If you are a student or instructor of data science, you are likely familiar with the infamous Kaggle competition, “House Prices - Advanced Regression Techniques.” The purpose of this competition is to engineer features and deploy a sale price predictive model, using the root mean squared error metric for model performance. The analysis detailed in this report will use the Ames Housing Market dataset to make informed decisions about the investment climate of Ames, IA in 2010 through the development of an optimized lasso regression pipeline for descriptive analysis.
Evaluation of Missingness and Data Cleaning
Figure 1 is the missingness matrix of the Ames real estate data set. It is apparent that a few columns are very sparse and may not be a viable feature for modeling and that a majority of variables share a pattern of missingness, indicating an interdependence. However, there are variables within these groups with missing data without observed missingness in corresponding variables.
In the data description (available in the Appendix section), there are certain variables where “NaN” represents the absence of a given feature. For categorical or ordinal variables, “None” was imputed, while numerical variables were imputed with 0 values. Iterative imputation is discussed in the machine learning pipeline implementation section.
Exploratory Data Analysis
The Sale Price and Square Footage Relationship
Figure 2 shows the relationship between the sale price and living area square footage, which only contains the first floor and second floor if applicable. It is apparent that there is a high degree of heteroskedasticity that violates the constant variance assumption of linear regression.

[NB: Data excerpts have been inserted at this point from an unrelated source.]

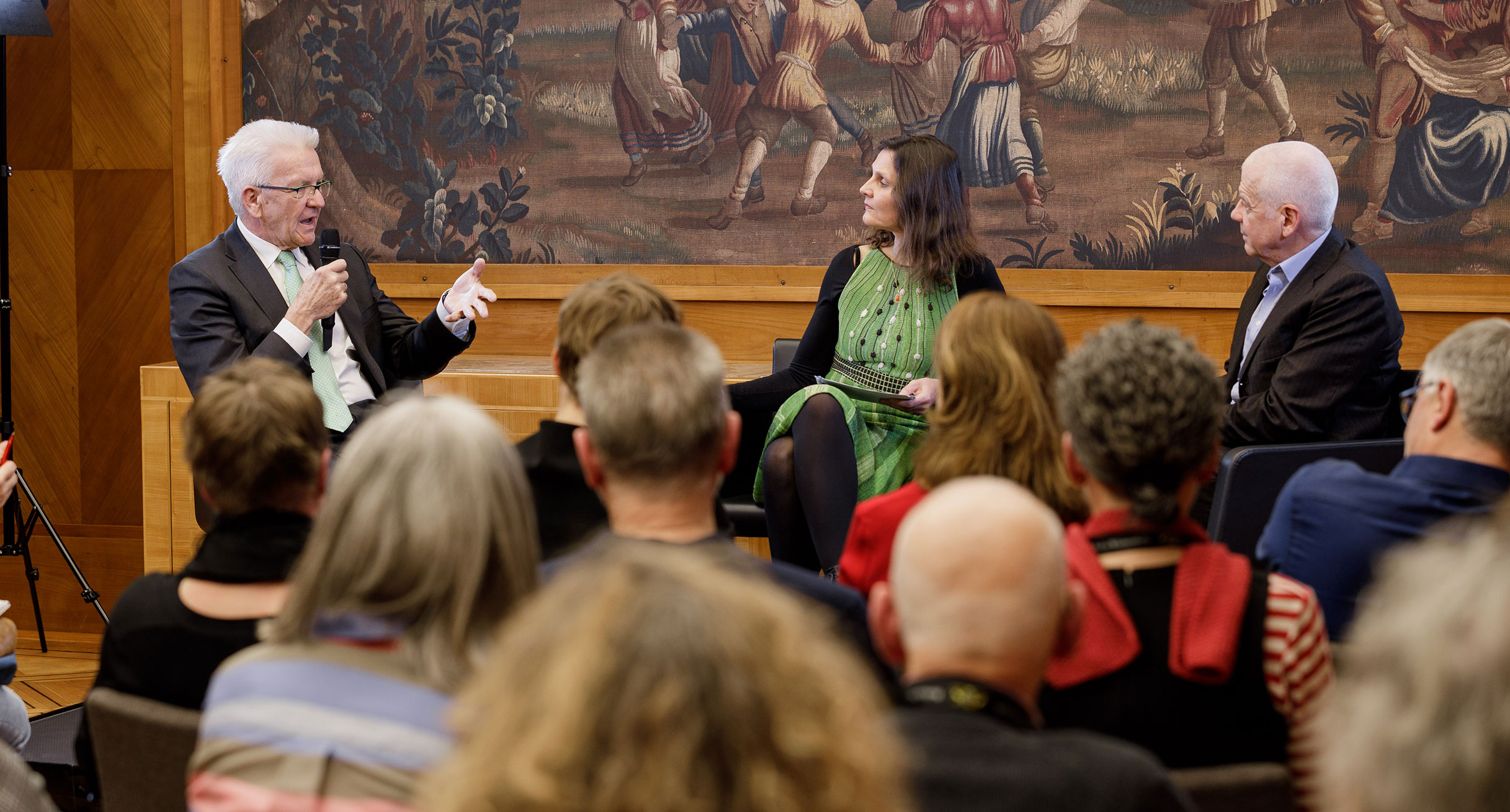 Beim Auftakt des neuen Formats „Kultur in der Villa“ trafen sich Ministerpräsident Winfried Kretschmann und der Autor Matthias Politycki zum gemeinsamen Gespräch über das Thema „Haltung finden“. Hier sehen Sie eine Aufzeichnung des Gesprächs.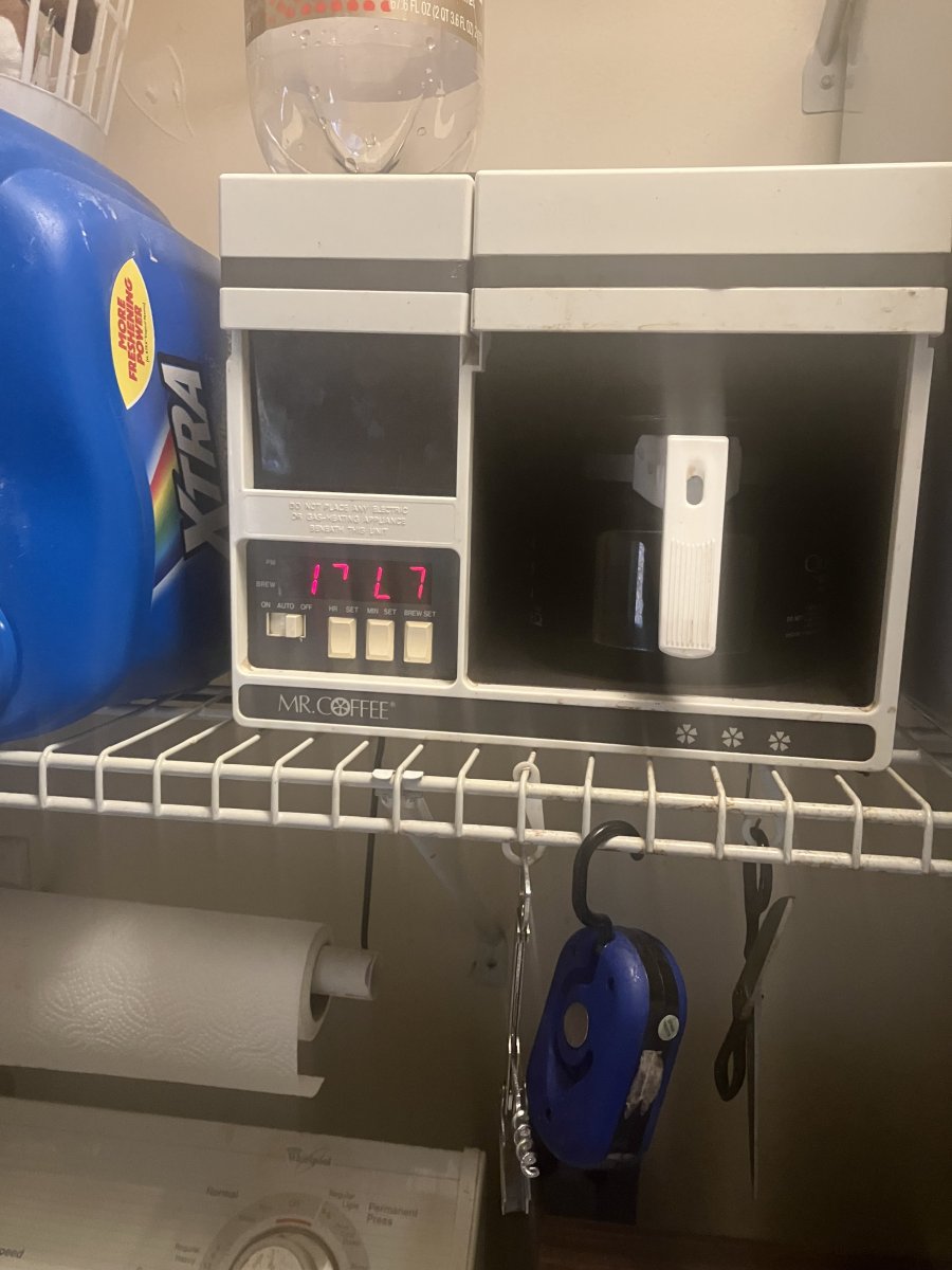 The other day I had a mental fart, and I made my morning coffee in my ancient Mr. coffee UTC/shelf model, but I forgot to put the glass pot in. This is on a wire shelf in my laundry closet upstairs (aka my upstairs kitchen). The coffee went everywhere, but mostly down the washing machine into the drain pan under the washer, instant my downstairs ceiling. When I cleaned up the mess, the digital screen clock on the coffee maker was black. When I pulled it off the shelf, it still had the $5.95 crayon price from when I bought it at Goodwill years ago.
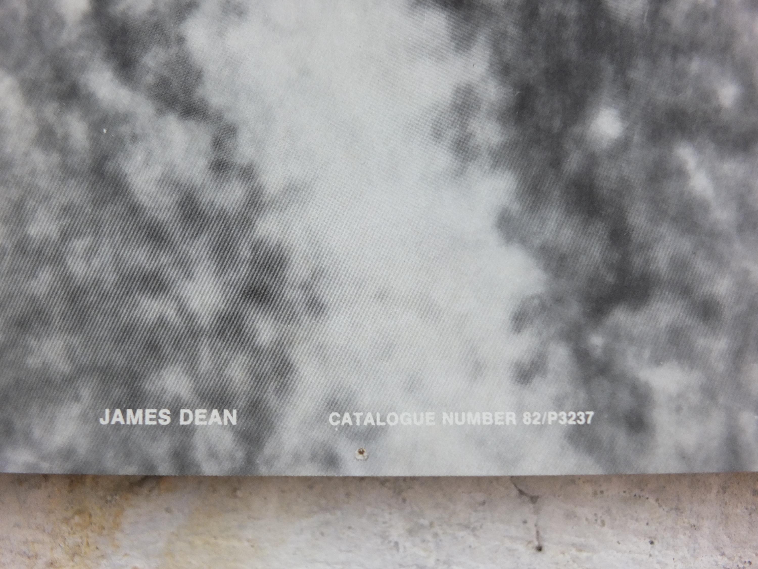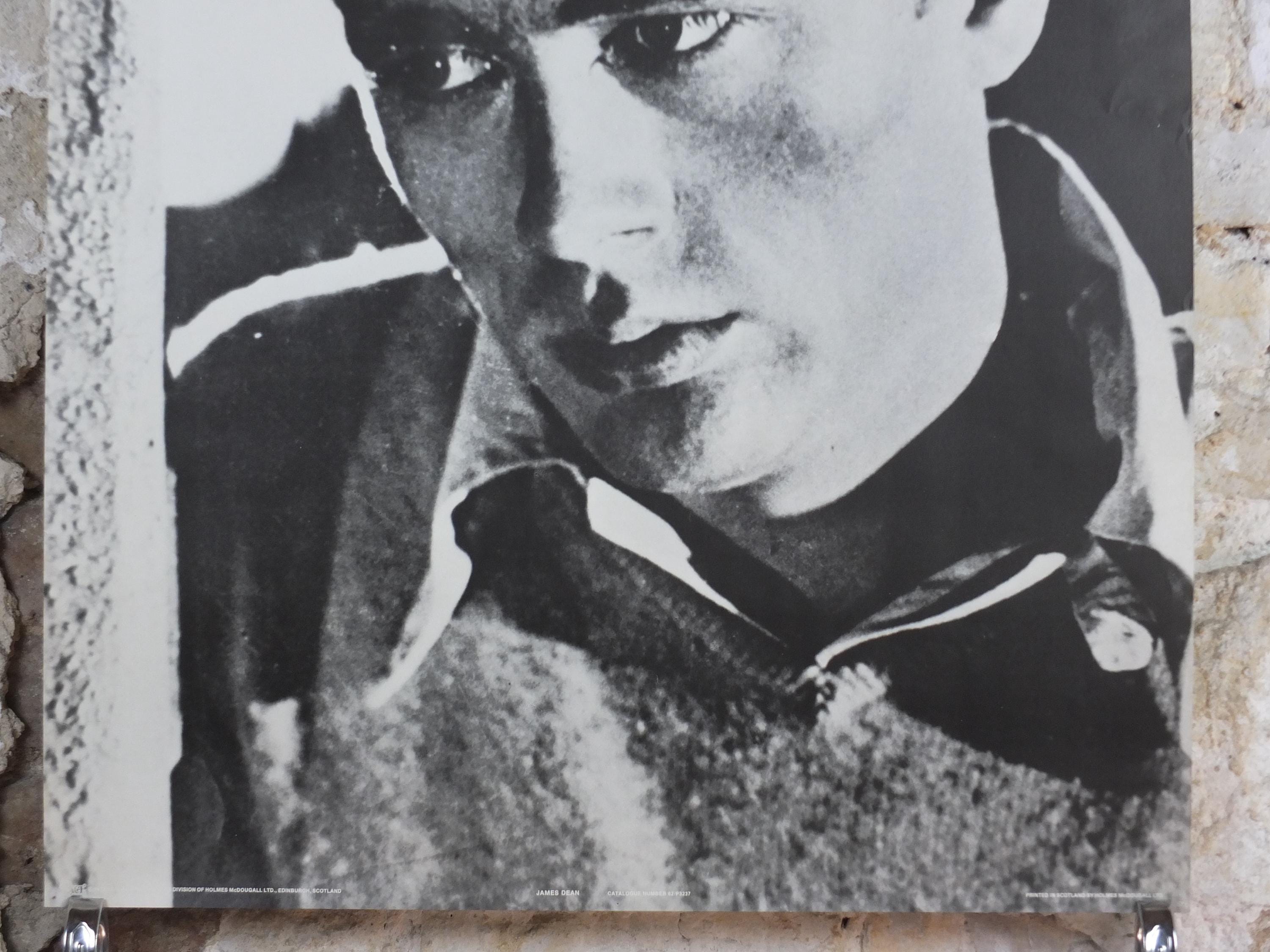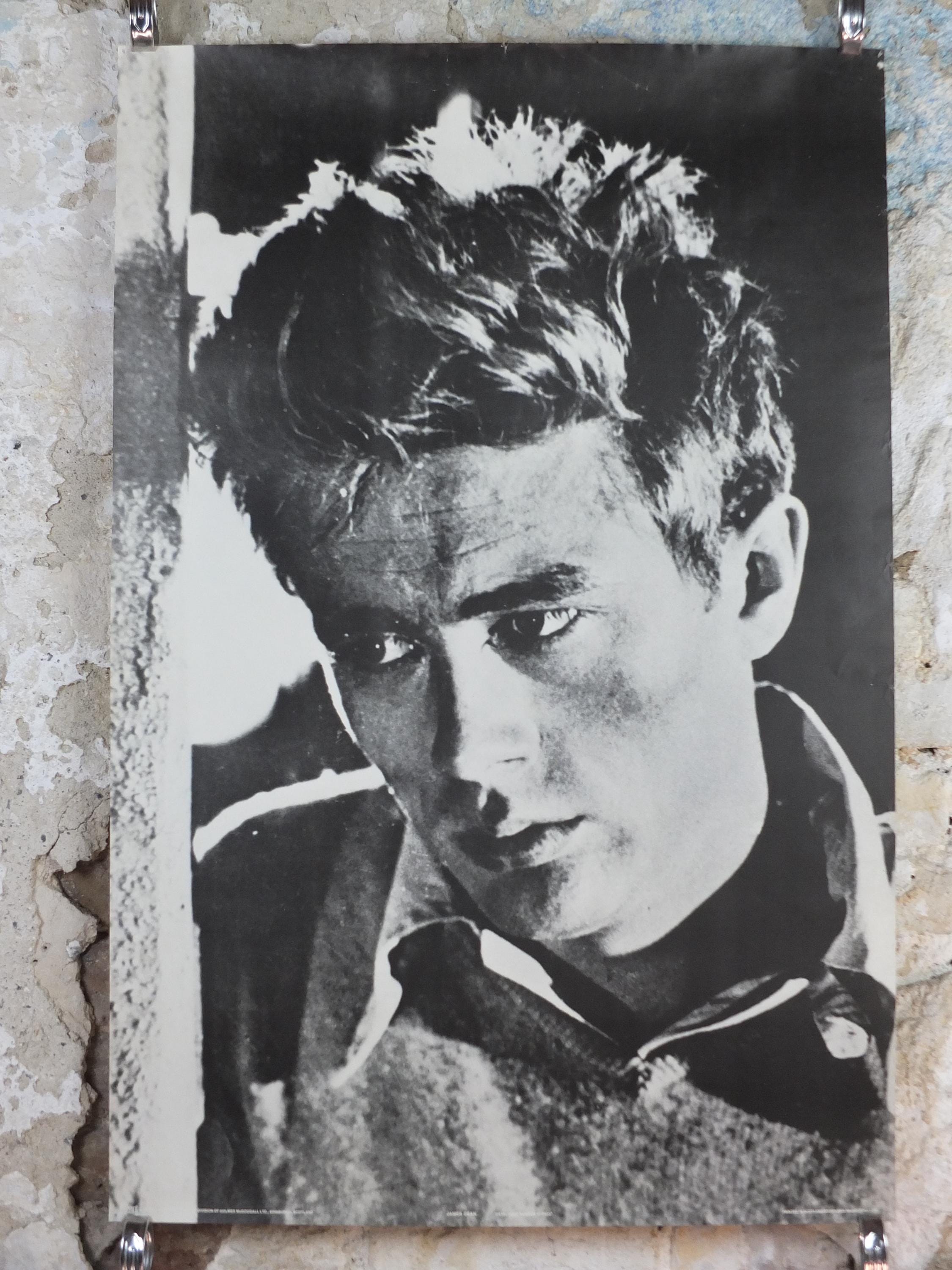 This is a vintage poster from the 1980 of James Dean from the movie "Rebel Without a Cause". Its a close-up image of his intense gaze, the poster is likely marketed to capture his overall "Rebel" persona associated primarily with Rebel Without a Cause.

Applying a log scale transformation removes the fin like shape and decreases the covariance of the variables. This illuminates one of the most important relationships in the development of a descriptive multiple linear regression model; price per square feet of living area. Further exploratory data analysis will be centered around the analysis of potential features versus price per square feet. There are still outliers present that can be accounted for using Sci-Kit Learn’s RobustScaler.
The Price and Square Footage Data Trade Off
Intuitively, larger homes are going to have larger sale prices. Generally, aside from a few outliers, there is a slight upward slope between first floor square footage and price per square feet in Figure 4.
The relationship between second floor square footage and price per square feet tells a different story. As the amount of square footage increases, there is virtually no upward slope. This suggests that two-story houses would be an unfavorable investment in the Ames market, but why?
This likely has to do with the average consumer in Ames, IA being a college student. Ames, IA is home to Iowa State University (ISU) and faculty members seeking more family friendly living environments will seek larger square footage homes far away from the college party scene. This makes investment properties in Ames heavily targeted towards student rentals. The lower demand for high square footage two story houses likely drives the price per square foot down.
Basement Feature Data Analysis
Ames is located on the Great Plains in the middle of tornado alley. So aside from the additional square footage, basements have a lot of utility to the area consumer. In Figure 6, there is a clear large positive slope between price per square foot and basement square footage after a log(x+1) transformation. There is still an easily observed decrease in the covariance with increasing square footage, yielding a fin-like shape. This does not necessarily exclude basement square footage as a significant feature, but it is evident that further preprocessing is a necessity.
Despite the obvious positive slope, all basements are not created equal. Some basements are a barren landscape like you would see in a low budget B horror film, while others have the quality of a secondary living space, home theater, or recreational area. Of course, you are limited with your available options based on the ceiling clearance of your basement.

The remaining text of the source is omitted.